WHAT YOU NEED TO DO | Give the entries again exactly, without pictures.

Dataset records:
Content starts

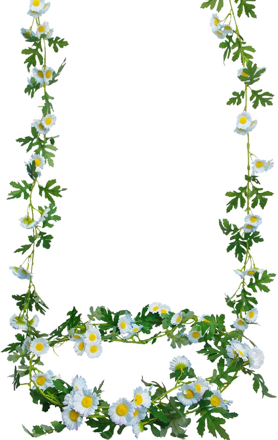 Brighten up your indoor and outdoor spaces with our delicate and lovely daisy garland. The stunning decorative garland features vivid and lovely silk daisy wildflowers, carefully crafted to add a touch of natural beauty to any setting. Perfect for hanging on fences, gazebos, wedding arches, stair railings or tabletops. Realistic and elegant design The lovely daisy flowers and lush green leaves create a fresh and natural atmosphere without the fuss of real flower decorations. Durable and weather-resistant Made of high-quality silk and plastic, it can withstand sun, rain and wind, making it an ideal choice for outdoor use. Versatile use Perfect for weddings, parties, home decoration, patios, porches or commercial spaces such as cafes and event venues. Easy to arrange The flexible wire stems allow you to easily bend and shape the garland to fit any space. Easy to maintain No watering or pruning required - just gently fluff and display for instant charm! Ideal use Wedding and event decorations: Create a charming backdrop, aisle rug or table centerpiece. Home and Garden Beautification: Decorate your front porch, balcony or garden fence with lush greenery. Seasonal and Holiday Decorations: Perfect for spring and summer or year-round elegance. Specifications: Color: blue, rose red, orange, white, pink and yellow Size: Each strip is 5.9 ft/180cm long, total length is 11.8 ft/3.6m Material: Silk and Plastic Package Contents: 2 PCS Artificial Garland Daisy Vines
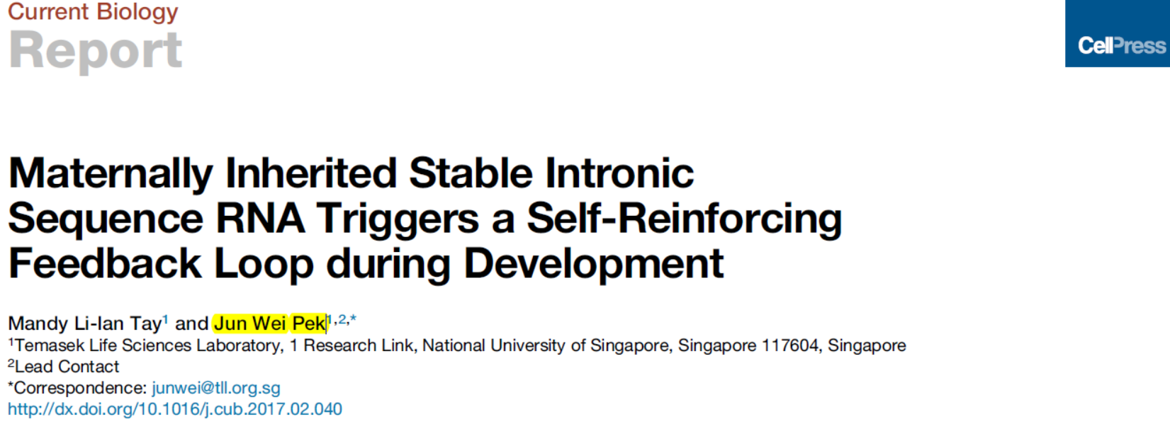 6. Tay, M.L. and J.W. Pek, Maternally Inherited Stable Intronic Sequence RNA Triggers a Self-Reinforcing Feedback Loop during Development. Curr Biol, 2017.
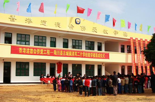 通過廣西自治區(qū)僑辦牽線搭橋,捐助支持廣西各項公益事業(yè)的僑社和慈善團體中,香港道德會較為突出。香港道德會是香港有名的慈善機構,2009年先后在廣西欽州市欽南區(qū)新營村、賀州市八步區(qū)東南村、岑溪市地麻村、陸川縣清耳村等地,捐建4所小學,捐贈總額達172萬元人民幣。這些受捐建的小學有個響亮的名字:“香港道德會僑愛教學樓”。
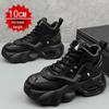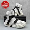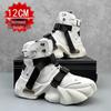 2024 Men's White High-Top Shoes with 12cm Invisible Height Increase, Air Cushion, Thick Sole, Fashionable Dad Sneakers
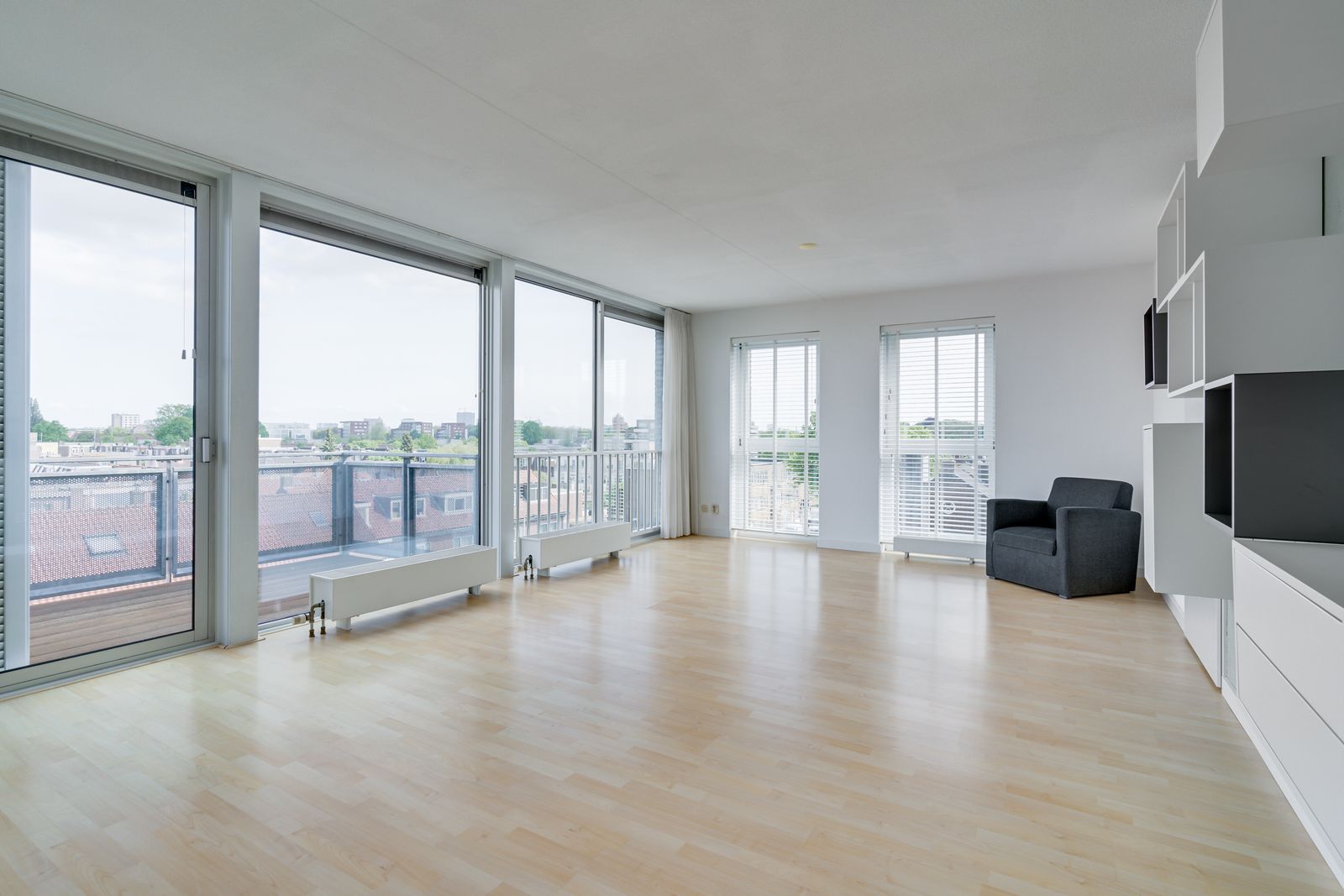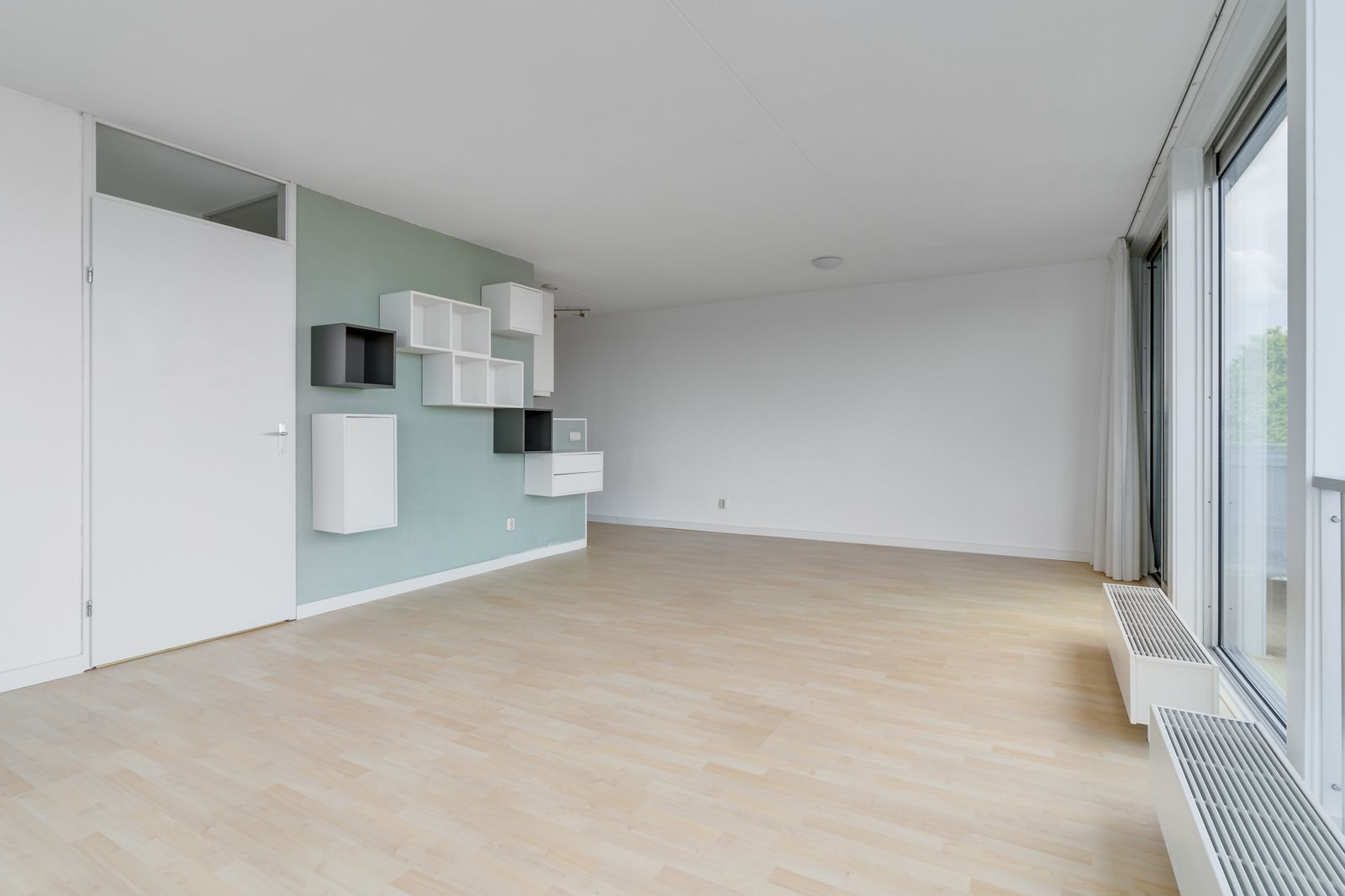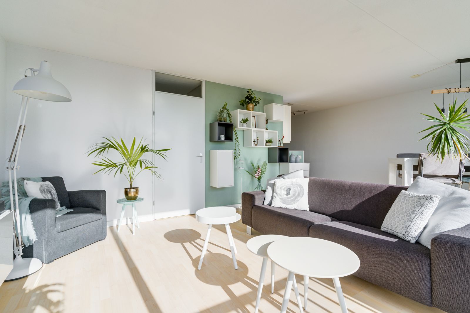 De woonkamer bevindt zich aan de achterzijde en biedt via de schuifpui toegang tot het balkon op het zuidoosten. Hier geniet je van veel lichtinval en een weids uitzicht over Utrecht.
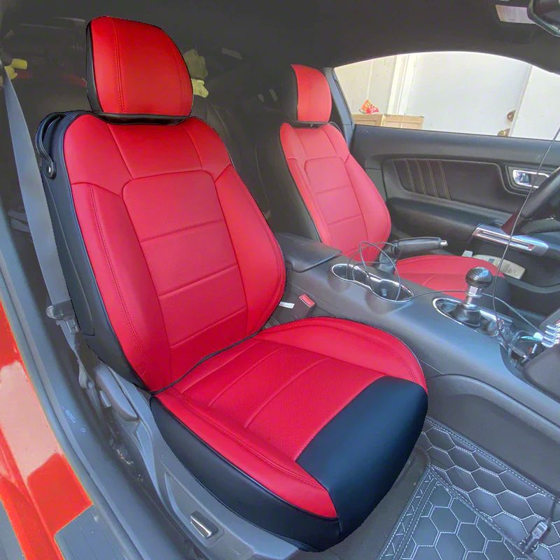 Design. The front face of these seat covers, which is black and red, gives the inside of your Mustang a distinctive and athletic appeal. Your Mustang stands out from the competition because to the striking visual appeal the contrasting colors produce. You may add your own style and a provocative statement to the inside of your Mustang by using these seat coverings.
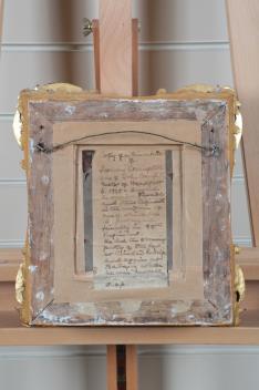 one housed in an ornate giltwood frame with ink annotations verso,
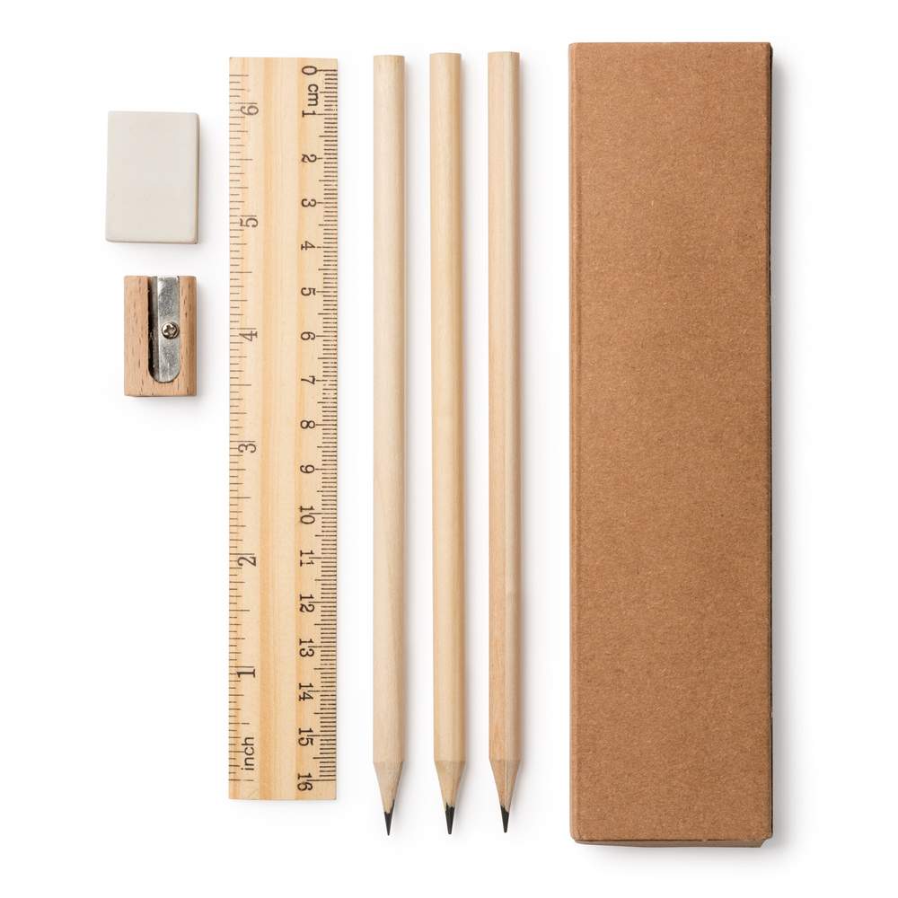 - Contenuto: Righello, 3 matite, gomma, temperamatite
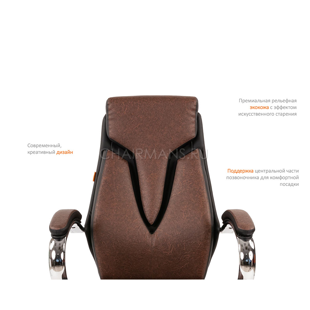Нас часто заставляют выбирать красота или удобство. Но что, если мы хотим всё сразу? CHAIRMAN 901 кресло, в котором дизайн создаёт эргономику. Взгляд приковывает спинка она скомбинирована из рельефных элементов, обтянутых премиальной экокожей с эффектом искусственного старения (их очень приятно касаться!). И это не просто дизайнерское решение это эффективная поддержка спины , позволяющая по настоящему расслабиться и ощутить комфорт во время решения деловых задач. Удобное и надёжное, кресло в то же время остаётся лёгким, элегантным, а главное, доступным решением Выбирайте и красоту, и комфорт по очень вкусной цене. Особенность: Современный, креативный дизайн. Премиальная рельефная экокожа с эффектом искусственного старения. Поддержка центральной части позвоночника для комфортной посадки. Стильные металлические хромированные элементы. Надёжный механизм качания с возможностью фиксации в рабочем положении. Газлифт 3 класса, рассчитанный на 120 тыс. циклов подъема сжатия. Мягкие ролики с PU накладкой.

Content ends

EXPECTED ANSWER |
 Brighten up your indoor and outdoor spaces with our delicate and lovely daisy garland. The stunning decorative garland features vivid and lovely silk daisy wildflowers, carefully crafted to add a touch of natural beauty to any setting. Perfect for hanging on fences, gazebos, wedding arches, stair railings or tabletops. Realistic and elegant design The lovely daisy flowers and lush green leaves create a fresh and natural atmosphere without the fuss of real flower decorations. Durable and weather-resistant Made of high-quality silk and plastic, it can withstand sun, rain and wind, making it an ideal choice for outdoor use. Versatile use Perfect for weddings, parties, home decoration, patios, porches or commercial spaces such as cafes and event venues. Easy to arrange The flexible wire stems allow you to easily bend and shape the garland to fit any space. Easy to maintain No watering or pruning required - just gently fluff and display for instant charm! Ideal use Wedding and event decorations: Create a charming backdrop, aisle rug or table centerpiece. Home and Garden Beautification: Decorate your front porch, balcony or garden fence with lush greenery. Seasonal and Holiday Decorations: Perfect for spring and summer or year-round elegance. Specifications: Color: blue, rose red, orange, white, pink and yellow Size: Each strip is 5.9 ft/180cm long, total length is 11.8 ft/3.6m Material: Silk and Plastic Package Contents: 2 PCS Artificial Garland Daisy Vines
 6. Tay, M.L. and J.W. Pek, Maternally Inherited Stable Intronic Sequence RNA Triggers a Self-Reinforcing Feedback Loop during Development. Curr Biol, 2017.
 通過廣西自治區(qū)僑辦牽線搭橋,捐助支持廣西各項公益事業(yè)的僑社和慈善團體中,香港道德會較為突出。香港道德會是香港有名的慈善機構,2009年先后在廣西欽州市欽南區(qū)新營村、賀州市八步區(qū)東南村、岑溪市地麻村、陸川縣清耳村等地,捐建4所小學,捐贈總額達172萬元人民幣。這些受捐建的小學有個響亮的名字:“香港道德會僑愛教學樓”。
 2024 Men's White High-Top Shoes with 12cm Invisible Height Increase, Air Cushion, Thick Sole, Fashionable Dad Sneakers
 De woonkamer bevindt zich aan de achterzijde en biedt via de schuifpui toegang tot het balkon op het zuidoosten. Hier geniet je van veel lichtinval en een weids uitzicht over Utrecht.
 Design. The front face of these seat covers, which is black and red, gives the inside of your Mustang a distinctive and athletic appeal. Your Mustang stands out from the competition because to the striking visual appeal the contrasting colors produce. You may add your own style and a provocative statement to the inside of your Mustang by using these seat coverings.
 one housed in an ornate giltwood frame with ink annotations verso,
 - Contenuto: Righello, 3 matite, gomma, temperamatite
Нас часто заставляют выбирать красота или удобство. Но что, если мы хотим всё сразу? CHAIRMAN 901 кресло, в котором дизайн создаёт эргономику. Взгляд приковывает спинка она скомбинирована из рельефных элементов, обтянутых премиальной экокожей с эффектом искусственного старения (их очень приятно касаться!). И это не просто дизайнерское решение это эффективная поддержка спины , позволяющая по настоящему расслабиться и ощутить комфорт во время решения деловых задач. Удобное и надёжное, кресло в то же время остаётся лёгким, элегантным, а главное, доступным решением Выбирайте и красоту, и комфорт по очень вкусной цене. Особенность: Современный, креативный дизайн. Премиальная рельефная экокожа с эффектом искусственного старения. Поддержка центральной части позвоночника для комфортной посадки. Стильные металлические хромированные элементы. Надёжный механизм качания с возможностью фиксации в рабочем положении. Газлифт 3 класса, рассчитанный на 120 тыс. циклов подъема сжатия. Мягкие ролики с PU накладкой.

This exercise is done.